Haskell's non-strict evaluation can often lead to unexpected results when doing tail recursion if you're used to strict functional programming languages. In order to get the desired behavior you will need to force the accumulator (with something like Data.List's foldl', $!, seq, BangPatterns, etc.).
One issue with the tail recursive version is that you're basically sequencing it twice, forcing the result is going to force the whole spine of the list, and then you're walking it again with deepseq. The overhead of the deepseq call with that size list on my machine is 2.2 seconds, so you're basically paying that cost twice with a tail recursive version. allPairs2 only forces what is needed, so deepseq isn't traversing any data structures that are already forced.
I think what's happening with allPairs2 is that GHC is throwing away the the list during the traversal since the result of the computation isn't used at all. I get very different timings (still fast, but no longer orders of magnitude difference) for allPairs2 if the result is still around. You could probably figure this out with the heap profiler.

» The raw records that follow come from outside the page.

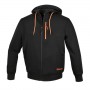 Fiksna kapuljača, bez mogućnosti skidanja, s okruglim narančastim vezicama za regulaciju.
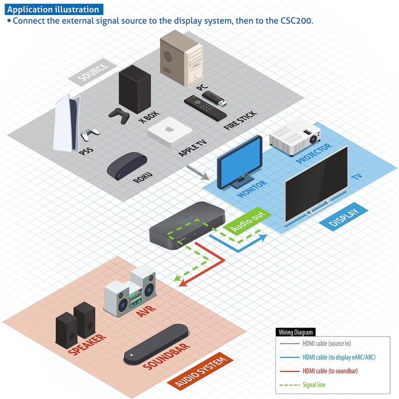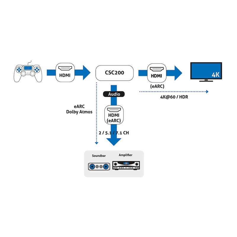 - Ideal for home theater applications with eARC-compatible soundbars and non-eARC compatible TVs: for example, simply connect your PS5 and eARC Dolby Atmos soundbar directly to the CSC200 for a comprehensive, high-quality 3D room sound experience while still being able to use your existing 4K TV!
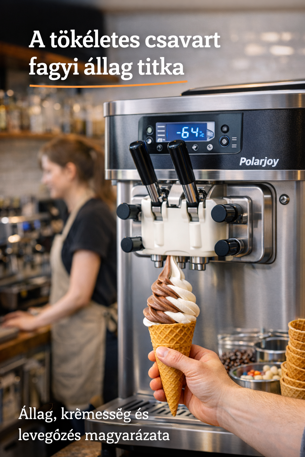 A csavart fagyinál az állag egy nagyon kényes egyensúly. Ha a fagyi túl meleg, könnyen elpuhul, folyósabb lesz, és a csavar nem tartja szépen a formáját. Ha túl hideg, keményedhet, törhet, vagy akár szemcsésebb érzetet is kelthet. Emiatt kulcskérdés, hogy a fagyi mindig az "ideális zónában" maradjon, mert ettől lesz egyszerre krémes és stabil.
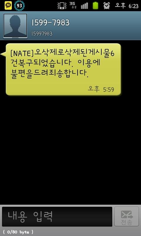네이트 측에서 문자가 한통 왔어요.
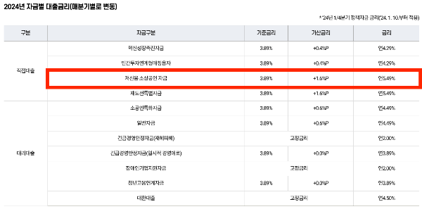 금리는 정책자금 기준 금리 +1.6% p입니다. 2024년 1분기 정책자금 기준금리는 아래 사진에 자세히 나와있습니다. 또한 우대금리는 총 3가지이며 각 0.1% P씩 금리 우대를 지원합니다. 우대금리 종류 역시 아래 사진을 확인해 보시면 됩니다.
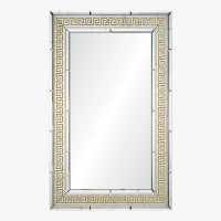 Antiqued mirror framed mirror with hand painted gold inlay. Wood backing in satin black finish.
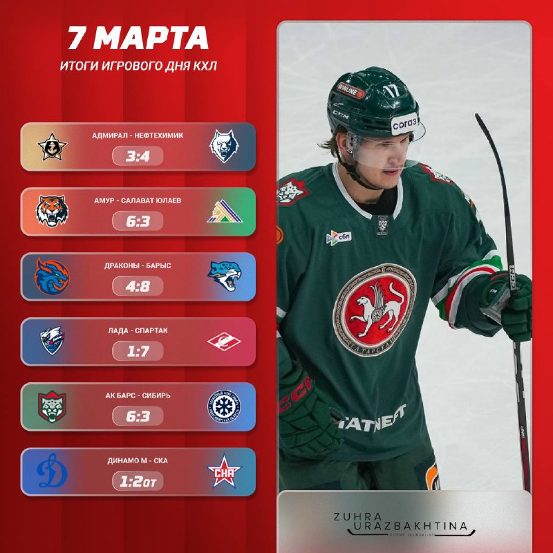 Итоги дня с Зухрой 🏒 - СКА в овертайме обыграл московское Динамо 2:1. У Плотникова ассистентский дубль в 1000 матче. - Ак Барс победил Сибирь 6:3. Хет-трик у Барабанова. Дубль у Семенова. - Спарта
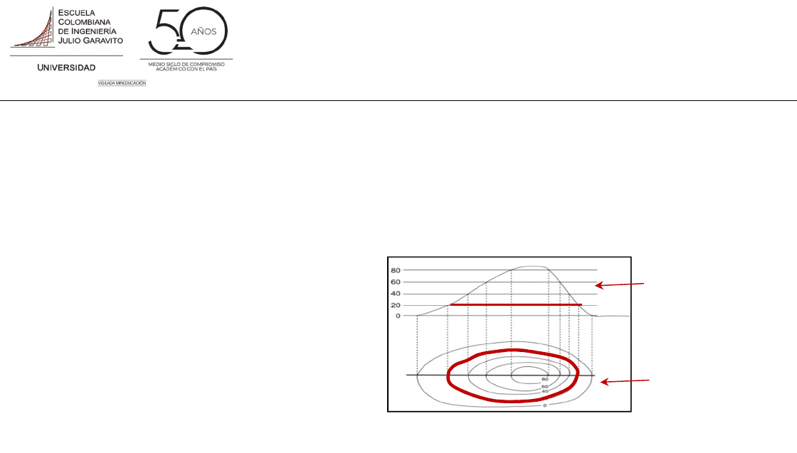 Departamento de Matemáticas Asignatura: Cálculo Diferencial Laboratorio 2 2023-2 Competencias: SP-2, RM-1, C-1,PA2 Objetivo: Utilizar los conceptos de continuidad y derivada para resolver un problema de aplicación. TRAZADO PRELIMINAR DE UNA VIA La curva de nivel es la línea que une los puntos de un mapa que tienen idéntica altitud. La gráfica de la derecha muestra un ejemplo de las curvas de nivel para la altura sobre el nivel del mar de una montaña. Para realizar el siguiente ejercicio nos referiremos al mapa que se anexa en la siguiente página. Se requiere el trazado de una vía rural desde ¨La Cascada¨, ubicada en el mapa anexo por la letra C, hasta ¨El Molino¨, ubicado con la letra M. Tenga en cuenta que en al mapa las líneas más claras muestran una diferencia de altura de 20 m en forma monótona entre una y otra ascendiendo o descendiendo de acuerdo al caso. Algunos estudios previos indican que no es posible la construcción de un puente que cruce el lago ¨Azulo¨ que se encuentra en medio de las dos ciudades por la inestabilidad del terreno y por esto, se sugiere un trazado preliminar eligiendo un punto D en el plano, que una a La Cascada y El Molino. Los alcaldes de los dos pueblos necesitan tomar decisiones sobre el trazado de la vía y para esto Uds. les presentarán un estudio preliminar, para que ellos tengan diferentes alternativas para la construcción de la vía. Para tal fin, plantee una propuesta para el trazado preliminar de la vía en donde se presente el estudio preliminar del proyecto, con base en el mapa dado en la figura y que proporcione la información requerida de acuerdo a las siguientes condiciones: 1. Coordenadas en el plano de La Cascada y El Molino, así como su altura sobre el nivel del mar. 2. Elegir el punto D, en el plano, teniendo en cuenta que en el trazado de las vías no podrá presentarse pendientes mayores del 12% en ascensos verticales para permitir que los automóviles puedan transitar por la vía. Debe determinar la distancia entre cada una de las ciudades y el punto D; sus diferencias de alturas, suponiendo tramos rectos. Atura Plano Departamento de Matemáticas Asignatura: Cálculo Diferencial Laboratorio 2 2023-2 Competencias: SP-2, RM-1, C-1,PA2 3. El trazado preliminar se hará inicialmente con las proyecciones de cada una de las ubicaciones en el plano y posteriormente se realizarán los ajustes verticales. Teniendo en cuenta lo anterior y que las intersecciones de las vías en el plano no pueden ser angulares, es preciso definir un empalme entre las rectas CD y DM con la ayuda de una parábola que sea tangente a cada una de ellas. Determinar los puntos en el plano, así como su altura sobre el nivel del mar. Se requiere que la diferencia entre las primeras componentes de los puntos de tangencia sea 100 metros. 4. Realice la representación gráfica de la situación sobre el plano de las curvas de nivel definiendo los puntos de intersección de la curva con las rectas. 5. Para analizar el trazado vertical de la vía, con un compás (ábralo con ayuda de la cuadrícula en 25 m) y sobre sobre su propuesta del trazado de la vía en el plano de las curvas de nivel, tome las alturas sobre el nivel del mar de puntos cada 25 metros a partir de La Cascada hasta llegar a El Molino, construya una tabla y realice la representación gráfica de la distancia vs altura sobre el nivel del mar. (utilice tecnología y suponga que cada tramo tomado corresponde con la distancia sobre la carretera, particularmente en las partes curvas). Departamento de Matemáticas Asignatura: Cálculo Diferencial Laboratorio 2 2023-2 Competencias: SP-2, RM-1, C-1,PA2 6. Con base en su representación gráfica, trace dos tramos de vías rectas que no sobrepasen las pendientes máximas. Nuevamente realice el empalme de las rectas con una parábola, estableciendo claramente sus condiciones. Realice la representación gráfica de la situación en un plano cartesiano. 7. Realice una tabla que indique de forma clara, los tramos que necesiten relleno o construcción de puentes y los tramos que necesiten excavación o construcción de túneles. Esta información se entregará a la oficina de presupuestos para verificar la viabilidad de la vía.

h> deepseq (allPairs2 [1..10000]) True
True
(2.47 secs, 4403724176 bytes)
h> let x = allPairs2 [1..10000]
(0.00 secs, 510488 bytes)
h> deepseq x True
True
(10.47 secs, 4401625192 bytes)
h> deepseq x True
True
(2.21 secs, 1031864 bytes)
I'm no expert, but I think that allPairs2 is likely as good as you're going to get with straightforward Haskell using lists. It doesn't build up a lot of unevaluated computation, and if you only need to see the first n elements it's not going to have to process the entire input. allPairs1 has most of the good properties of allPairs2 but is a bit worse because of the concatenation, though concatenating in this way isn't a disaster like it would be in a strict functional programming language.
-bob